With respect to the economy and the climate, there are too many rumor-mongers (“scientists” with an agenda), too many gullible and compliant generals (politicians), and far too many soldiers available as cannon-fodder (the paying public).

Scientists and politicians who stand by models of unfathomably complex processes are guilty of physics envy, at best, and fraud, at worst.

Physics Envy

Max Borders offers a critique of economic modeling, in which he observes that

a scientist’s model, while useful in limited circumstances, is little better than a crystal ball for predicting big phenomena like markets and climate. It is an offshoot of what F. A. Hayek called the “pretence of knowledge.” In other words, modeling is a form of scientism, which is “decidedly unscientific in the true sense of the word, since it involves a mechanical and uncritical application of habits of thought to fields different from those in which they have been formed.” (“The Myth of the Model,” The Freeman, June 10, 2010, volume 60, issue 5)

I’ve said a lot (e.g., here, here, here, here, here, here, here, and here) about modeling, economics, the social sciences in general, and the pseudo-science of climatology.

Models of complex, dynamic systems — especially social systems — are manifestations of physics envy, a term used by Stephen Jay Gould. He describes it in The Mismeasure of Man (1981) as

the allure of numbers, the faith that rigorous measurement could guarantee irrefutable precision, and might mark the transition between subjective speculation and a true science as worthy as Newtonian physics.
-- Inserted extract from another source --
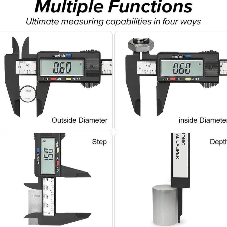 Dieser elektronische digitale Messschieber verfügt über zwei praktische Messmodi, mit denen Sie per Knopfdruck einfach zwischen Zoll- und Millimetermessungen wechseln können. Mit einem Messbereich von 0–150 mm, einer Auflösung von 0,1 mm und einer Genauigkeit von ±0,2 mm erhalten Sie stets präzise Ergebnisse. Dank der intelligenten Nullstellfunktion können Sie an jedem beliebigen Punkt der Skala eine neue Messung starten. Ideal für Differenzialmessungen.

But there’s more to science than mere numbers. Quoting, again, from The Mismeasure of Man:

Science is rooted in creative interpretation. Numbers suggest, constrain, and refute; they do not, by themselves, specify the content of scientific theories. Theories are built upon the interpretation of numbers, and interpreters are often trapped by their own rhetoric. They believe in their own objectivity, and fail to discern the prejudice that leads them to one interpretation among many consistent with their numbers.

Ironically, The Mismeasure of Man offers a strongly biased and even dishonest interpretation of numbers (among other things). When a leading critic of physics envy falls prey to it, you know that he’s on to something.